*Task objective*: Reproduce the lines below exactly, from the one containing "Patabari F V" through the one containing "Our first time", both included. Leave out any pictures.

*Exercise input*:
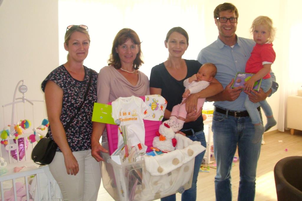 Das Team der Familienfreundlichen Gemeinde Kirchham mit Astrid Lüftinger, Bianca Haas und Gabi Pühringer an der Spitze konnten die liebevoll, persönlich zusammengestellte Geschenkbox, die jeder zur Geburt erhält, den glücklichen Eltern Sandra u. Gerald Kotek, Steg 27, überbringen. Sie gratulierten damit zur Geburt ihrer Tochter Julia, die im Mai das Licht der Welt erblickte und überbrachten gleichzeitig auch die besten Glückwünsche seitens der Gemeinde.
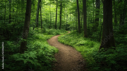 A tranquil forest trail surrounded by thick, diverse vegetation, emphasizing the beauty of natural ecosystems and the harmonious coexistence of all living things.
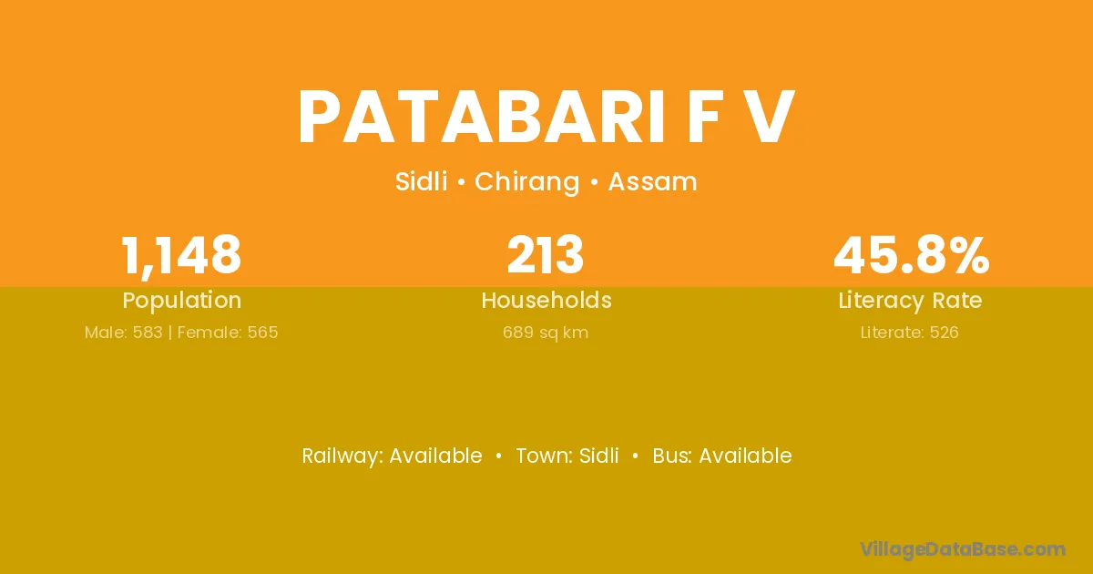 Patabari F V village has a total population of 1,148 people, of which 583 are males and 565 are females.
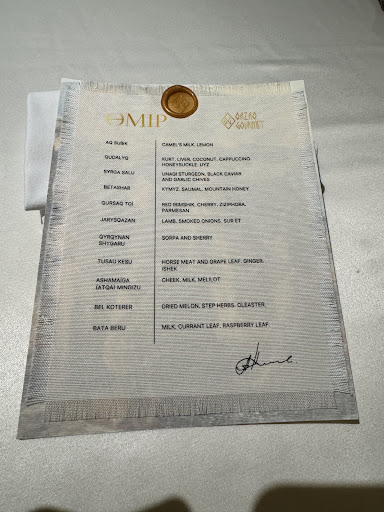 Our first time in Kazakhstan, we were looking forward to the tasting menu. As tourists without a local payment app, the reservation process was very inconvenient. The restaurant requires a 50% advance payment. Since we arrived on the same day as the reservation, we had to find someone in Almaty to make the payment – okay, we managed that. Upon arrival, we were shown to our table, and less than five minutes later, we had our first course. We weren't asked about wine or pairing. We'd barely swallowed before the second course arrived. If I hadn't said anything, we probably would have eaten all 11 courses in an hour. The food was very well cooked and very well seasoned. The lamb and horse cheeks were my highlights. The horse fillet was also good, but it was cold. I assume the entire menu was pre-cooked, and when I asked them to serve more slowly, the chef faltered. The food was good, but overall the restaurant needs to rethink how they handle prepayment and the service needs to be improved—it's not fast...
--
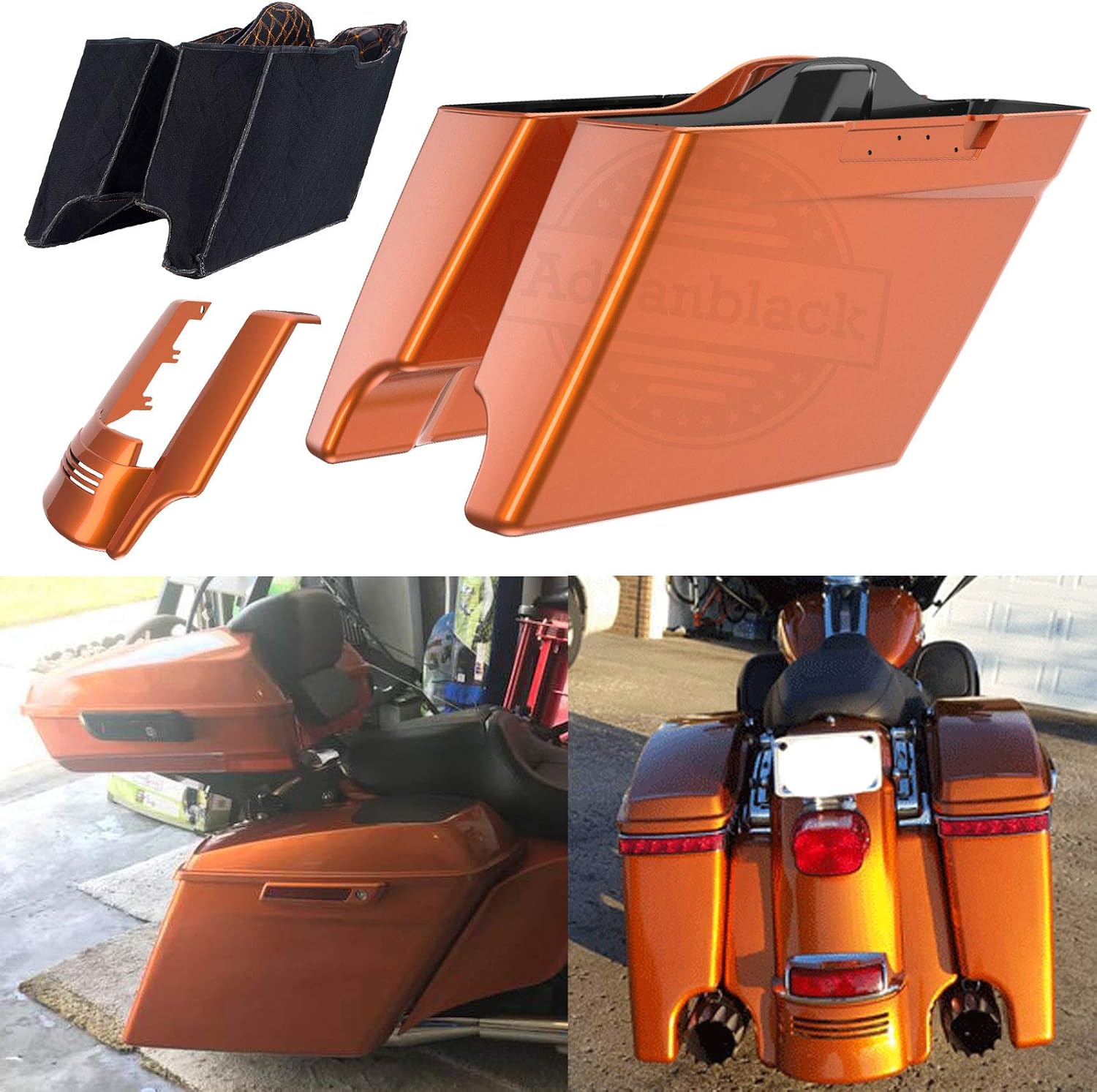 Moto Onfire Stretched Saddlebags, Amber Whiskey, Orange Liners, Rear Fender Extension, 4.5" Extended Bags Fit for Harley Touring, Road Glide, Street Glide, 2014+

*Answer to the problem*:
 Patabari F V village has a total population of 1,148 people, of which 583 are males and 565 are females.
 Our first time in Kazakhstan, we were looking forward to the tasting menu. As tourists without a local payment app, the reservation process was very inconvenient. The restaurant requires a 50% advance payment. Since we arrived on the same day as the reservation, we had to find someone in Almaty to make the payment – okay, we managed that. Upon arrival, we were shown to our table, and less than five minutes later, we had our first course. We weren't asked about wine or pairing. We'd barely swallowed before the second course arrived. If I hadn't said anything, we probably would have eaten all 11 courses in an hour. The food was very well cooked and very well seasoned. The lamb and horse cheeks were my highlights. The horse fillet was also good, but it was cold. I assume the entire menu was pre-cooked, and when I asked them to serve more slowly, the chef faltered. The food was good, but overall the restaurant needs to rethink how they handle prepayment and the service needs to be improved—it's not fast...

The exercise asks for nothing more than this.